▶ [Dataset extract]:
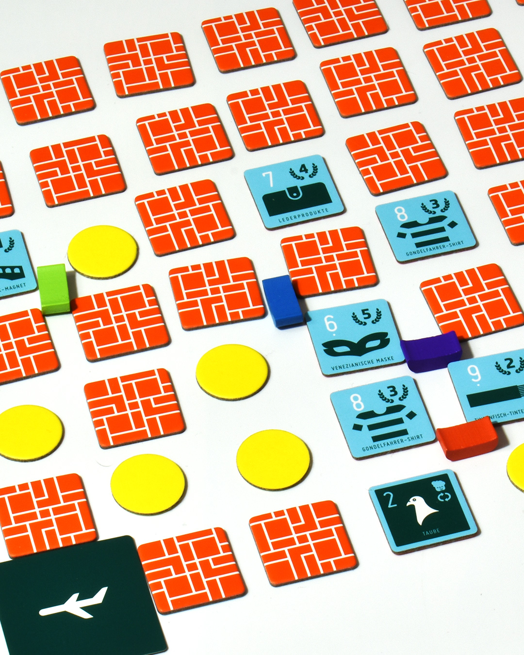 Der sieben mal sieben Felder große Plan wird aus Plättchen improvisiert, und dazwischen befinden sich die Grachten. Auf der Plättchen-Rückseite finden wir die Souvenirs. Ich decke irgendwo ein Plättchen auf. Dann würfele ich und ziehe meine Gondel bis zu einer entsprechend entfernten Kreuzung. Wenn ich mag, darf ich dort eines der vier angrenzenden Souvenirs kaufen. Ziel ist es, Drillinge zu sammeln – die seltenen venezianischen Masken bringen fünf Punkte, Kühlschrankmagnete nur einen Punkt.
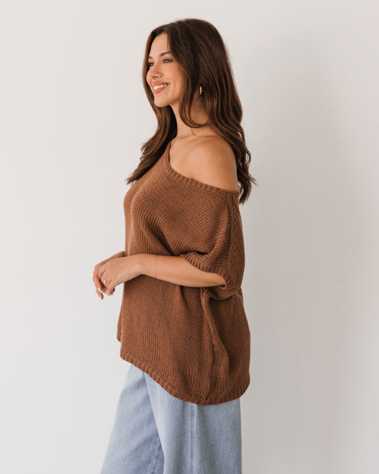 LOL71115 CHOCOLATE OFF SHOULDER KNIT TOP
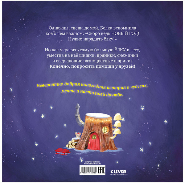 Однажды, спеша домой, Белка вспомнила кое о чём важном: «Скоро ведь НОВЫЙ ГОД! Нужно нарядить ёлку!» Но как украсить самую большую ЁЛКУ в лесу, уместив на неё шишки, пряники, снежинки и сверкающие разноцветные шарики? Конечно, попросить помощи у друзей! Невероятно добрая новогодняя история о чудесах, мечте и настоящей дружбе. |
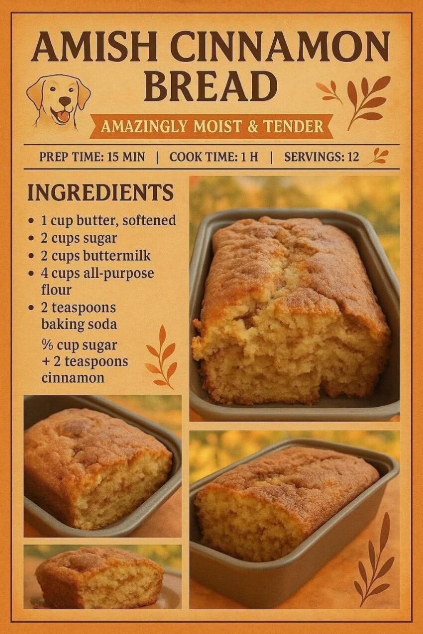 Here’s a classic Amish Cinnamon Bread—soft, fluffy, and filled with a sweet cinnamon swirl 🍞✨

▶ [Task to carry out]: Only the lines from the one containing "LOL71115 CHOCOLATE OFF SHOULDER KNIT TOP" through the last line of the data belong in the copy, both included and reproduced exactly. Pictures do not.

▶ [Solved exercise]:
 LOL71115 CHOCOLATE OFF SHOULDER KNIT TOP
 Однажды, спеша домой, Белка вспомнила кое о чём важном: «Скоро ведь НОВЫЙ ГОД! Нужно нарядить ёлку!» Но как украсить самую большую ЁЛКУ в лесу, уместив на неё шишки, пряники, снежинки и сверкающие разноцветные шарики? Конечно, попросить помощи у друзей! Невероятно добрая новогодняя история о чудесах, мечте и настоящей дружбе. |
 Here’s a classic Amish Cinnamon Bread—soft, fluffy, and filled with a sweet cinnamon swirl 🍞✨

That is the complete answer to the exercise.